-- Task material --
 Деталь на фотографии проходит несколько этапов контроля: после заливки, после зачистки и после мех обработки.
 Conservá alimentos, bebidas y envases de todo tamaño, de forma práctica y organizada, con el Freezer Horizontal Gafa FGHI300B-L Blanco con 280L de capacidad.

* * *

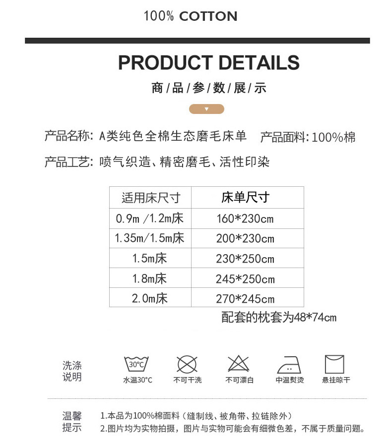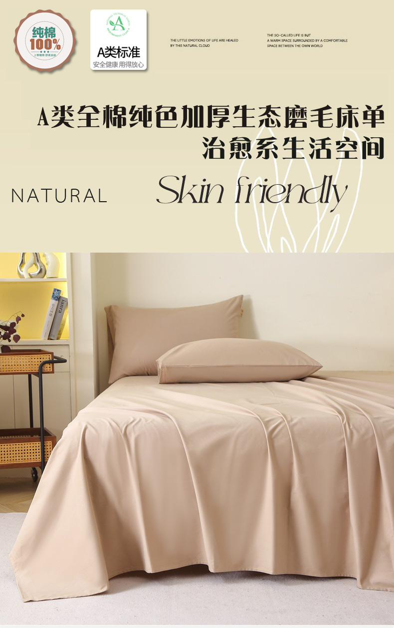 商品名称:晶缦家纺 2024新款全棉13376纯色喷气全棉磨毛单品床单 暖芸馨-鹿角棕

--

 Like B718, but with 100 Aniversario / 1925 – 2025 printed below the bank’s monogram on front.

-- Work instruction --
All that is needed is the exact run of lines above from the line containing "Деталь на фотографии" through the line containing "Conservá alimentos, bebidas", both of them included.

-- Exercise result --
 Деталь на фотографии проходит несколько этапов контроля: после заливки, после зачистки и после мех обработки.
 Conservá alimentos, bebidas y envases de todo tamaño, de forma práctica y organizada, con el Freezer Horizontal Gafa FGHI300B-L Blanco con 280L de capacidad.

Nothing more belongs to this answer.